A: Mechanism: Maintains sent set of all messages. Periodically retransmits every message in sent. Uses fair-loss links (fll) for actual sending. Guarantees: If sender is correct, receiver eventually gets the message. Limitation: Inefficient due to infinite retransmissions. Simple Explanation: This algorithm works like a broken record: it keeps sending every message over and over. Even if some sends fail, the receiver will eventually get the message. But it’s like mailing a letter every day forever—works but uses too much effort.
38
Q: What are Perfect Links and their properties?
A: Definition: Ensures messages are delivered exactly once. Properties: Reliable Delivery: Correct sender → correct receiver gets message. No Duplication: No repeated deliveries. No Creation. Algorithm: "Eliminate Duplicates" (checks delivered set). Use Case: Standard in crash-stop systems. Simple Explanation: Perfect Links guarantee no lost or duplicate messages. Think of it as a postal service that never loses a package and never delivers the same one twice. Used in systems where accuracy matters more than speed.
39
Q: How does "Eliminate Duplicates" ensure no duplication?
A: Steps: Uses stubborn links (sl) to send messages. Keeps a delivered set of received messages. Delivers a message only if not in delivered. Correctness: Duplicates are filtered via the set check. Issue: delivered grows indefinitely (solved with timestamps/acks in practice). Simple Explanation: This method uses a checklist of received messages. If a message is already on the list, it’s ignored.
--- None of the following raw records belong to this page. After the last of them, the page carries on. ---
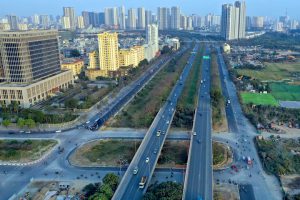 Sau khi xén thảm cỏ dải phân cách giữa, mỗi bên đường gom đại lộ
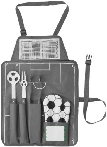 Tablier barbecue 'football'en polyester 600D comprenant une spatule,une fourchette à viande et une pince.
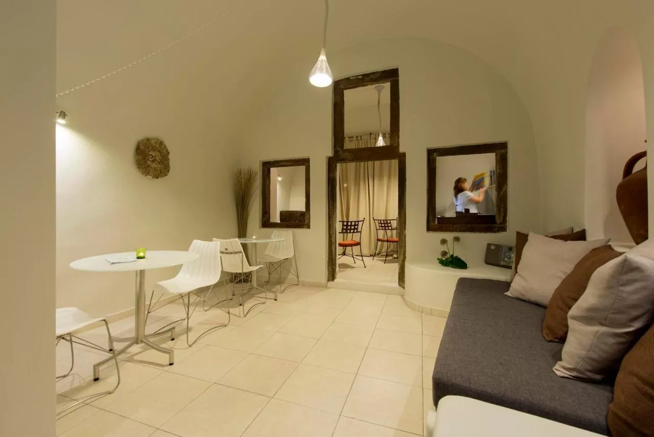 Dimensiuni: 25 mp Numar de camere: 2 camere This standard cave suite offers traditional accommodation which includes air conditioning, TV with SAT TV, CD/DVD player, safe, hairdryer, fully equipped kitchenette with mini fridge, direct dial phone, bathrobes and slippers, bathroom amenities and balcony or terrace with sitting area and a breathtaking view of the Caldera and the volcano.

Like crossing off items on a to-do list—once done, you don’t redo them. Downside: the list gets huge over time.
40
Q: How do Logged Perfect Links handle crash-recovery?
A: Mechanism: Stores delivered in stable storage. On recovery, retrieves delivered from storage. Logs messages to avoid duplicates after crashes. Event: Triggers Deliver with log variable name. Guarantee: Survives process crashes and restarts. Simple Explanation: Logged Perfect Links save received messages to a "hard drive" instead of memory. If the system crashes and restarts, it checks the saved list to avoid re-delivering old messages. Like writing down tasks in a notebook so you don’t forget after a power outage.
41
Q: What problem do Authenticated Perfect Links solve?
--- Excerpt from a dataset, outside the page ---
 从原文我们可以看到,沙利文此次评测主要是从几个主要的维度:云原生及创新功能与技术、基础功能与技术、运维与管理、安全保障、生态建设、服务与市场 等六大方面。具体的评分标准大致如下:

A: Problem: Prevents message forgery in Byzantine systems. Solution: Uses MACs (Message Authentication Codes). Algorithm: "Authenticate and Filter": Sender adds MAC to message. Receiver verifies MAC before delivery. Guarantees: Authenticity (only correct senders can forge messages). Simple Explanation: Authenticated Links stop hackers from faking messages. They use a secret code (like a wax seal on a letter) to prove the sender’s identity. If the seal is broken or missing, the message is rejected.
42
Q: What practical issues affect link abstractions?
A: Network Topology: LAN vs. WAN latency differences. Flow Control: Adjust sending rate to receiver capacity. Heterogeneity: Resource disparities (CPU, bandwidth). State Growth: Managing ever-growing delivered sets. Note: Lower layers (e.g., TCP) often handle retransmission. Simple Explanation: Real-world networks aren’t perfect. Fast local networks behave differently than slow internet links. Systems also need to avoid overwhelming receivers, handle uneven resources, and manage memory. Luckily, tools like TCP handle some issues automatically.
43
Q: Why use MACs in Authenticated Perfect Links?
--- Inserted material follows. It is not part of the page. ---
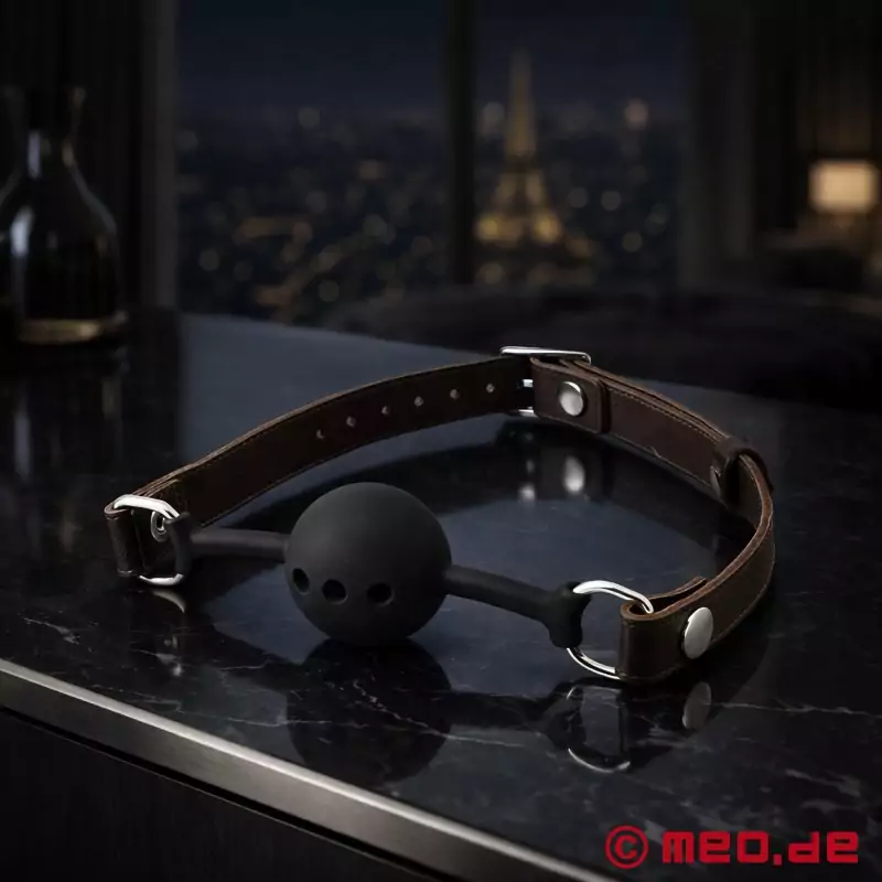 Ursprünglich hatten wir diesen Ballknebel bei MEO bestellt, um auch mal "optisch etwas anderes" zu haben. Das dieser Knebel zur Nummer EINS wird, wenn es darum geht Ruhe zu haben, hätten wir beide nicht gedacht. Wahrscheinlich liegt es an seiner Bauform mit der geraden "Stange" also die Verbindung zwischen Ball und Kopfgurt, die ein herausdrücken unmöglich macht.

A: Purpose: Ensure authenticity and integrity. Process: Sender computes MAC using shared key. Receiver verifies MAC matches sender and message. Result: Byzantine nodes can’t forge messages between correct nodes. Simple Explanation: MACs act like a signature to prove a message’s sender and that it wasn’t tampered with. Imagine a tamper-proof seal on a food package—if broken, you know it’s unsafe.